This is the opening paragraph from an article by an important US-based Indian political scientist, Ashutosh Varshney. This article, published in the Indian Express on 27 March 2014, under the caption “Modi the Moderate” has been now followed up by another piece in the same newspaper that somewhat modifies the earlier position, this time by “Hearing the Silence”. Strange that he did not hear the silence in the first instance, even after having listened to Modi’s speeches closely (‘paying attention to his rhetoric and imagery’). Not that he did not ‘hear the silence’ then. He did, but just two weeks ago, identified the silence as being about Hindu nationalism. In the second piece, the silence is apparently about  minority rights. How did he read the silence as one thing two weeks ago and as just the opposite two weeks down the line? What exactly was he reading?

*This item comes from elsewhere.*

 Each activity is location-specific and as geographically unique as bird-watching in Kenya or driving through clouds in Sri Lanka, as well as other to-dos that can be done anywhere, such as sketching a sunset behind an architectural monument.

Intellectuals generally take words very seriously. Words in their insularity, words in their most manifest meanings. But really, do words mean anything in and of themselves? One line of argument that derives from within the ancient Mimamsa tradition, for example, would argue that meaning lies in the way words are chosen, arranged and formed into sentences. There is something that happens in this process which Mimamsa scholars call ‘akanksha’ – or the expectation that this arrangement within a text generates in the reader of the text. The meaning that a text produces then, is a matter of a complex negotiations between the text and the reader – the bearer of akanksha. And since the reader is never one but many, the expectations that the text generates in different readers could arguably be many.

The Mimamsa theorists were of course, concerned with the meanings of the Vedas and not really with political speech. Not certainly with modern political speech. Nonetheless, they gesture towards a far more complex understanding of meaning. Contemporary theories of reading and meaning production would direct our attention towards matters like silences in speech or a text, the unsaid, the subtext that runs through the speech or text – not to mention of course, body language and tonalities of the spoken word.

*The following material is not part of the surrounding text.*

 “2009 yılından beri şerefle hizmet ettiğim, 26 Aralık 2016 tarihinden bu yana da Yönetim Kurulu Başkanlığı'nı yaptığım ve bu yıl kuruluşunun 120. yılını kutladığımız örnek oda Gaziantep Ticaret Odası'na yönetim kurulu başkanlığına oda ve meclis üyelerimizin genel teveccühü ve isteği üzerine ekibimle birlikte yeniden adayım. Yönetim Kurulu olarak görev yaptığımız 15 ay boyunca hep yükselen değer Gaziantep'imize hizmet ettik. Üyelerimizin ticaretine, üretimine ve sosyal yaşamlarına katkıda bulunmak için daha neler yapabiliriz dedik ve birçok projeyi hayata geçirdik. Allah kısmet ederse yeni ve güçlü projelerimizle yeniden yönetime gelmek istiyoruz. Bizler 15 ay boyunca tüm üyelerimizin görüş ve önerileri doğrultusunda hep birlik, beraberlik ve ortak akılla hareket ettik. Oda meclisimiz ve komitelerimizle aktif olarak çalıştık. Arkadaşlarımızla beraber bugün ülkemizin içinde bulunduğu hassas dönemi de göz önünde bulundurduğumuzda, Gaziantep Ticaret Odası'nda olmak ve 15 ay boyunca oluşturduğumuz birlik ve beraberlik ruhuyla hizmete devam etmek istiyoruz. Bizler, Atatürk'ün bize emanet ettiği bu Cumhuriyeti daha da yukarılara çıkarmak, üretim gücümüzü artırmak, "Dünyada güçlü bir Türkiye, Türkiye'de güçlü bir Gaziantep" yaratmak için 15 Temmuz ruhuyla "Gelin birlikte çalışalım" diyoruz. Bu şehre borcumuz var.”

Equally importantly, one might need to assert that the text or the speech is not simply a sum of all the words and gestures at the moment of the production of the speech/text, for this text is part of a larger text that we might call the political field within which the speech in question acquires meaning. This political field is not a terra nullis – it is always already inhabited by meanings and structured in ways where meanings are generated not through individuals and what they say but through ‘networks’. An ‘individual’ here is a post through which messages pass and get partially transformed. But the individual is not the author of the message.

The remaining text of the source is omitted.